Now attempts are being made to divert the attention from the disturbing questions related to the gross intelligence and defence failures.
Instead of finding the reason behind the negligence to improve the working of the security apparatus what is being done is to make appeals to the people’s patriotism. The whole emphasis is on the betrayal of Pakistan by the US. It is being maintained that the US undertook the operation to gain sole credit of killing bin Laden. Operation Geronimo was conducted without sharing the information with Pakistan while it was Pakistan which had provided the initial leads which had finally led Washington to OBL. The operation is presented as a brazen affront to Pakistan’s sovereignty.
The situation created by the American intervention should have helped realign the civil-military relations to bring them into conformity with other democratic countries.
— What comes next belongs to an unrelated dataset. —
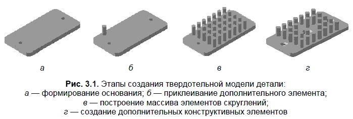 В общем случае порядок создания модели включает формирование основания, приклеивание и вырезание дополнительных элементов, построение массивов элементов и зеркальное копирование, создание дополнительных конструктивных элементов (рис. 3.1).
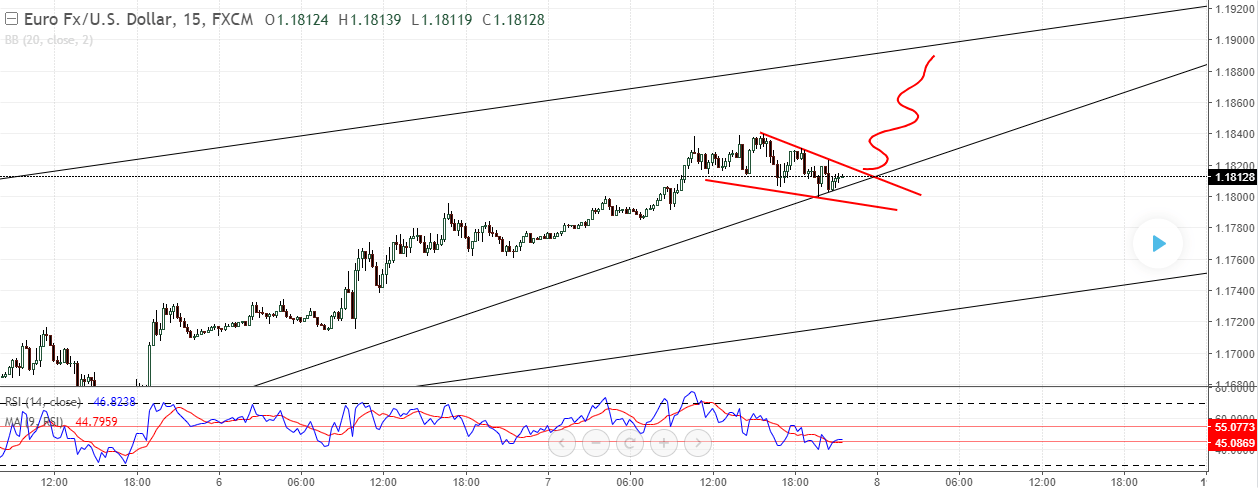 المضارب العربي / نموذج العلم الصاعد علي زوج EURUSD

The government could have immediately set up a bipartisan investigation committee or a high powered judicial investigation commission and taken action in accordance with its recommendations. This would have been the first step towards establishing civilian control over the armed forces that characterises democratic polities. It agreed instead on an army led probe that would satisfy none on account of the track record of army probes conducted earlier.
A weak-kneed Gilani has gone ahead with warnings of the country being in danger to try to make people forget the real issue. Making use of the nationalistic discourse of the extreme right wing, he warned the Senate a few days back that the country is facing serious threats, which he did not specify, and that national unity is needed to overcome the difficult situation. No country he said would be provided an opportunity to “cast an evil eye on our homeland”.
The parliament is now being asked to forget the highly damaging lapses and stand firm behind the army and the intelligence apparatus.
Once out of the doldrums, those controlling the country from the shadows would look for a scapegoat. Attempts would be made then to put all the blame on the civilian government. What is needed is to rectify the mistakes and thus strengthen the institutions and the system. Unless this is done, there is no guarantee that the country’s sovereignty will not be violated again.
The writer is a former academic and a political analyst.